Data Acquisition FAQs

"What is data acquisition?" and other questions are explained in this data acquisition FAQ.

  1. What is "data acquisition"?
  2. How do data acquisition systems connect to a PC?
  3. Is USB or Ethernet a better data acquisition interface?
  4. Can a data acquisition system operate without a connected PC?
  5. What sampling rate range can I expect?
  6. What software support is available?
  7. What operating systems support can I expect?
  8. How far away from a computer can I locate a data acquisition device?
  9. What certifications are available for data acquisition systems?
  10. In what storage format should I record data?

What is "data acquisition"?

Data acquisition is a catch-all term applied to the process of storing information to either a connected computer or directly to a memory device. "Information" may be defined as analog data that has been converted into digital, or the states of available digital input ports. Such information is organized and recorded in a manner that is consistent with subsequent review and interpretation.

How do data acquisition systems connect to a PC?

These days, most solutions use either a USB or Ethernet interface. This approach is used in both PC-connected and also stand-alone applications for initial instrument configuration.

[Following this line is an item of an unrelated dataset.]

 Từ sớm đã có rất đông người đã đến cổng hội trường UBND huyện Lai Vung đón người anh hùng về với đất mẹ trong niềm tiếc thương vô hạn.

Is USB or Ethernet a better data acquisition interface?

USB interfaces offer only one advantage over Ethernet: Ease of use. DATAQ Instruments provides signed drivers provided with USB-enabled instruments, so you simply install the software and plug the device into a convenience USB port. Ethernet deployments are more complicated. They are less understood by customers and offer more configuration options, which can create confusion. Still, Ethernet-based instruments deployments are generally a straight forward process. This is where the advantages of USB end. In comparison, Ethernet deployments offer:

  • A longer reach of up to 100 meters versus about 16 feet for USB.
  • Hardwired and Wi-Fi LAN compatibility, which enhances accessibility and flexibility.
  • The potential to synchronize multiple distributed instruments.
  • Installation without a device driver.

Can a data acquisition system operate without a connected PC?

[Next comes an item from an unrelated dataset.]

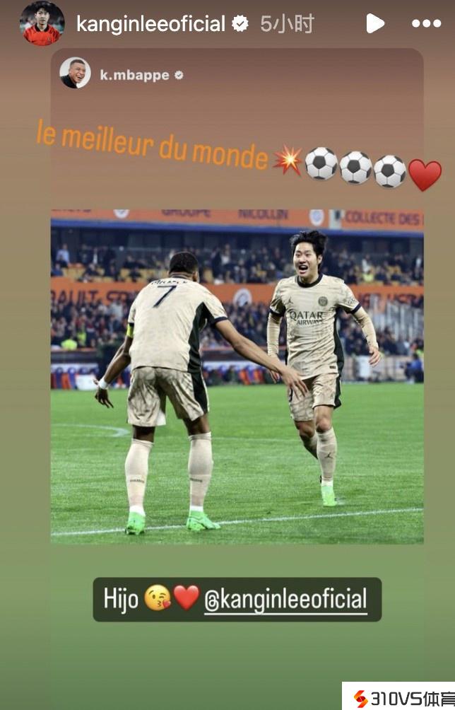 李刚仁转发与姆巴佩互动态态:世界最佳❤️⚽️⚽️⚽️

Depending upon the instrument, absolutely! Click here for a product filter of all stand-alone solutions.

What sampling rate range can I expect?

Sampling rate (or sampling interval) is purely product-dependent. We sell products that sample as infrequently as once per hour, and as fast as 1,000,000 times per second. Use our product filters to zero in on the products that best fit your application:

What software support is available?

Software support is different depending upon the product. All products that we sell include a Windows application in the form ready-to-run software that's designed to have you up and acquiring data within minutes. For those who need to program an application-specific solution, many products include SDKs that work with popular programming languages. Still others are supported by published protocols that enable support under custom programs, as well as support for operating systems other than Windows. Product pages provide details.

What operating systems support can I expect?

Generally, most current versions of Windows. However, some products with published protocols enable support under any operating system. Click through to the product page or call us for details.

How far away from a computer can I locate a data acquisition device?

It depends upon the interface supported by the device. Ethernet-based devices allow a home run CAT-5 cable length between the instrument and the computer of 100 meters (328 feet.) Ethernet also offers the potential to access an instrument from anywhere in the world if it is properly exposed to the Internet. USB devices are limited to about 16 feet, but most are provided with cables of only a few feet in length.

What certifications are available for data acquisition systems?

All of the product we sell are CE-approved to all them to be sold in all EU countries. Many products also are provided with an NIST-traceable calibration certificate, and others can be purchased with one.

In what storage format should I record data?

Only a handful of products are provided with software that allows you to define the storage format. Some products record data only in a text file format, and others only in a binary format. Products in the latter category will always provide software to convert all or part of a binary data file into text suitable for importing into most applications, the most notable of which is Excel. However, note that a binary data file or segment that is converted into a text format will explode in size by at least a factor of ten. Only two bytes are required to represent an acquired value in binary. The equivalent value in a text format is a function of the number of digits of precision, a decimal point, a delimiter, and line terminators. Binary is always a more memory-efficient storage format than text. This may become important as sampling rate and record times increase.